____ TASK INPUTS

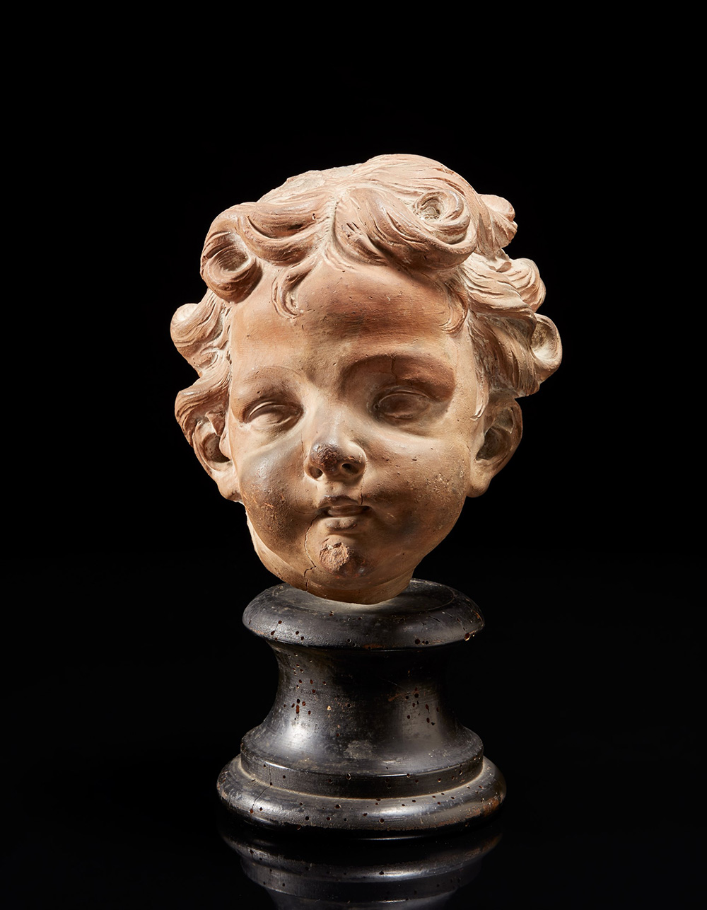 Maestro del sec. XVIII. Testa di fanciullo, scultura in terracotta, poggiante su base in legno tornito ed ebanizzato (cm 23) (minimi difetti)
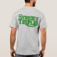 Esta camiseta tiene un bolsillo en el frente completo con el logotipo del triple de la calle y un espacio para su nombre o cualquier texto. También se divierte un logotipo grande del triple de la calle en la parte posterior.
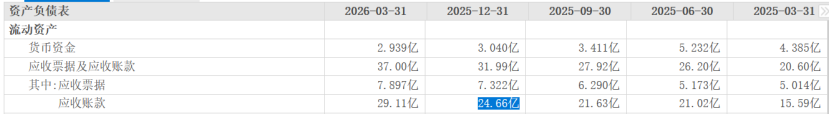 需要指出的是,今年一季度公司经营活动产生的现金流量净额-6613.01万元,上年同期为-1.37亿元,同比降幅有所收窄。此外,公司今年一季度应收账款为29.11亿元,较2025年末的24.66亿元,增加18.05%;公司当期应收账款占2025年年报归母净利润2.40亿元的比例高达1212.92%,其回款情况值得关注。
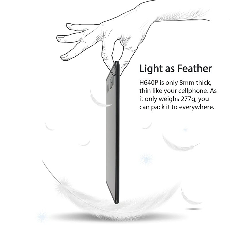 Ưu điểm nhỏ gọn của chúng. Khác với bảng vẽ truyền thống khá cồng kềnh thì G640 lại vô cùng gọn nhẹ. Bảng vẽ này chỉ mỏng chỉ 2mm, với vùng vẽ 6 x 4
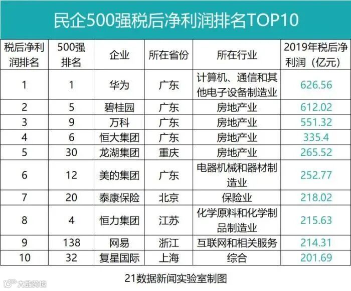 同时,2019年民营企业500强的利润水平保持增长势头,但增幅收窄。从税后净利润情况来看,超过百亿的有22家,较上年增加1家,华为以2019年税后净利润626.56亿元,成为今年榜单上最赚钱的企业,广东企业碧桂园和万科紧随其后。
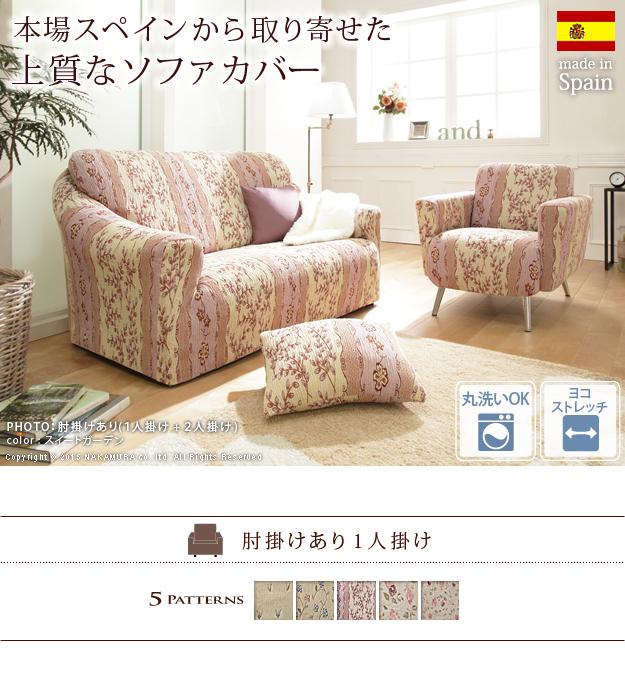 やさしい花柄でリビングをエレガントに彩る スペイン製 1人掛け ソファーカバー 肘付き 送料無料 ストレッチ 一人掛け ソファカバー 伸縮 激安 おしゃれ 安い 格安 花柄 ジャガード織
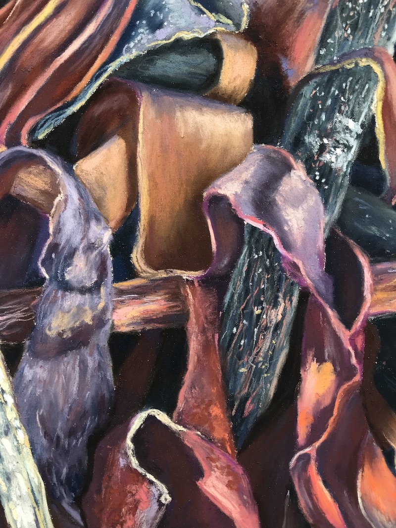 Inspiration for me often comes from the natural world and discoveries when out walking or running. One day, I spotted the light shining on some Honesty seeds by the roadside, and was immediately transported back 30 years to my Mother’s house. She always had a vase of these pretty seeds and the associations of warmth and childhood saw me return later with a pair of scissors to snip a few bunches and bring them home to arrange in a vase, as my Mother had. It was not long before I decided to light them and explore their beautiful textures with pastel.
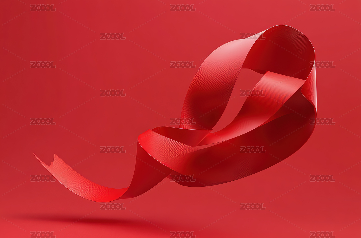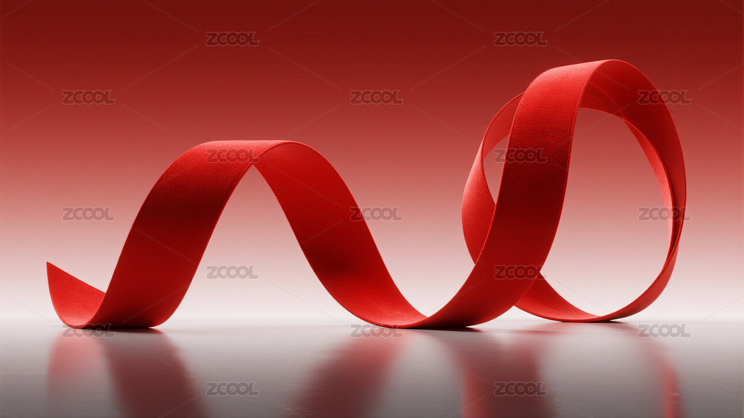 红色丝带在渐变背景前呈现波浪造型
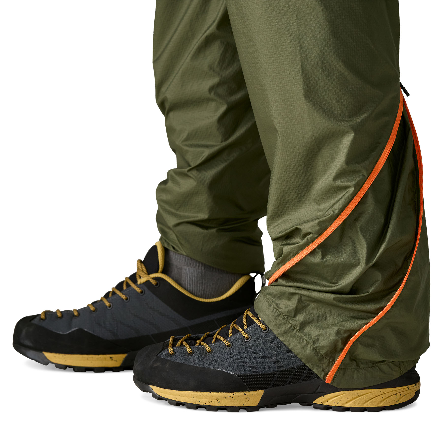 Partially elasticized Spiral Zip cuffs at the ankles allow a perfect fit with a variety of climbing and approach shoes
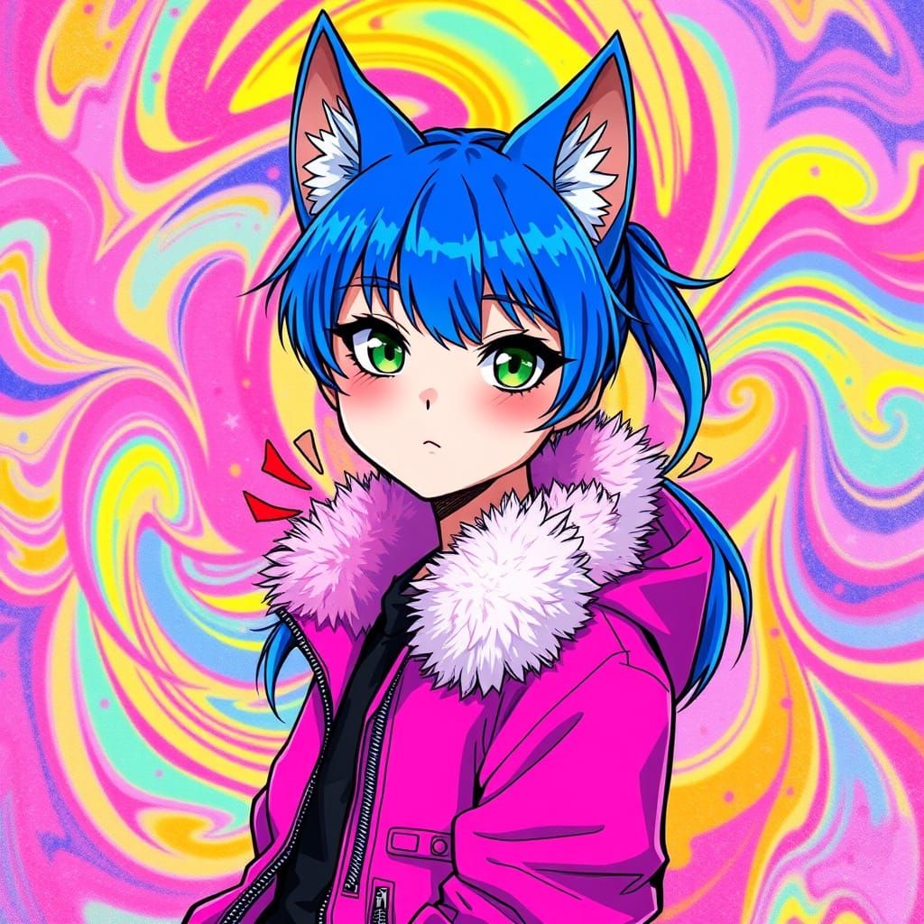 A striking anime neko girl with electric blue hair and piercing emerald eyes, set against a kaleidoscopic background of bright colors, blending bold lines and textures with soft pastel hues and dynamic composition.
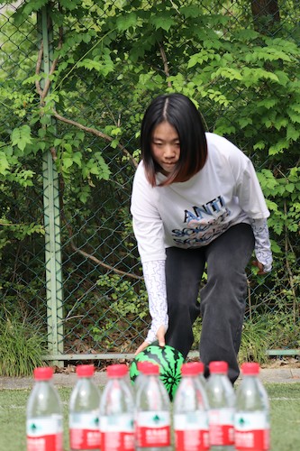本次运动会主题为“亚运有我 励志青春”,并围绕该主题设置了袋鼠跳、跳大绳、乒乓球传递、趣味保龄球和亚运知识问答等五个项目。参加人员五至六人一组,共分为五组进行运动比拼。

________

WORK INSTRUCTIONS: Exact copies of the lines from the one containing "红色丝带在渐变背景前呈现波浪造型" through the final line of the data are required; pictures are to be omitted.

SOLUTION:
 红色丝带在渐变背景前呈现波浪造型
 Partially elasticized Spiral Zip cuffs at the ankles allow a perfect fit with a variety of climbing and approach shoes
 A striking anime neko girl with electric blue hair and piercing emerald eyes, set against a kaleidoscopic background of bright colors, blending bold lines and textures with soft pastel hues and dynamic composition.
本次运动会主题为“亚运有我 励志青春”,并围绕该主题设置了袋鼠跳、跳大绳、乒乓球传递、趣味保龄球和亚运知识问答等五个项目。参加人员五至六人一组,共分为五组进行运动比拼。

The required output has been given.